Als einziges unmittelbares Beweismittel hatte der Kläger seinen Vater, von dem er die Klagforderung abgetreten erhalten hatte, als Zeugen benannt. Diesen Zeugen hat das Landgericht gehört. Auf der Grundlage der Angaben dieses Zeugen konnte das Landgericht keine Überzeugung nach § 286 ZPO gewinnen, dass die Beklagte die 14.000,00 € weggenommen hätte.
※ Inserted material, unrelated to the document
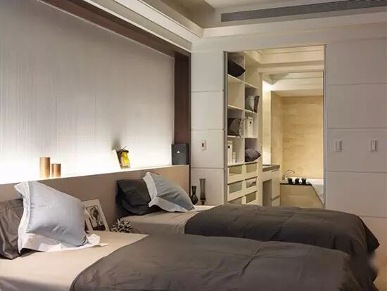 两张床的床头由延伸的墙面相连接,实现了空间的整体性和流畅性。卧室另一侧的隔间里,则是卫浴与收纳的结合空间。
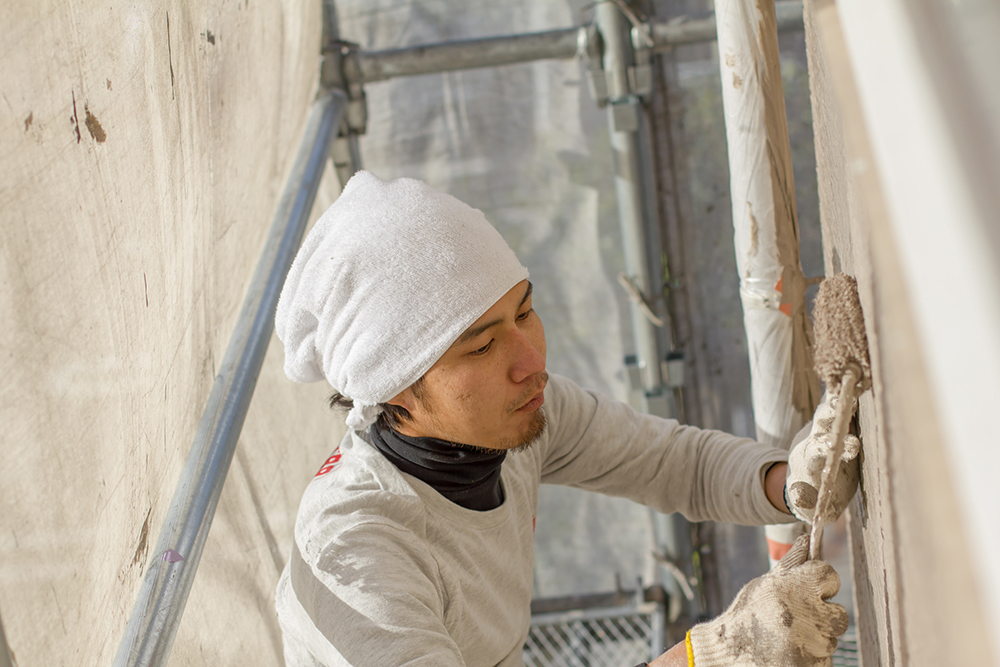 見えないところまでしっかりやります!下処理を適切に行うことで、経年劣化を抑えることができます。下塗り、中塗り、上塗りの3回塗りによって、塗膜に厚みを出し、丈夫で美しくしっかりと長持ちする塗装をめざしています。

Auch wenn die Entscheidungsgründe des angefochtenen Urteils eine ausreichende Beweiswürdigung der Angaben des Zeugen W. vermissen lassen, bestehen doch keine vernünftigen Zweifel an der Richtigkeit der Feststellung des Landgerichts. Die Angaben des Zeugen W. sind, soweit sie überprüfbar sind, mit erheblichen Unsicherheiten und Ungenauigkeiten behaftet.

...

3.

Danach ist es durchaus möglich, dass die Beklagte vom Zeugen W. 14.000,00 € in bar für einen Autokauf erhalten oder die Beklagte diesen Betrag eigenmächtig an sich genommen hat. Einen entsprechenden Nachweis hat der beweisbelastete Kläger jedoch nicht führen können, weshalb die Klage zu Recht abgewiesen wurde und die Berufung keine Aussicht auf Erfolg hat.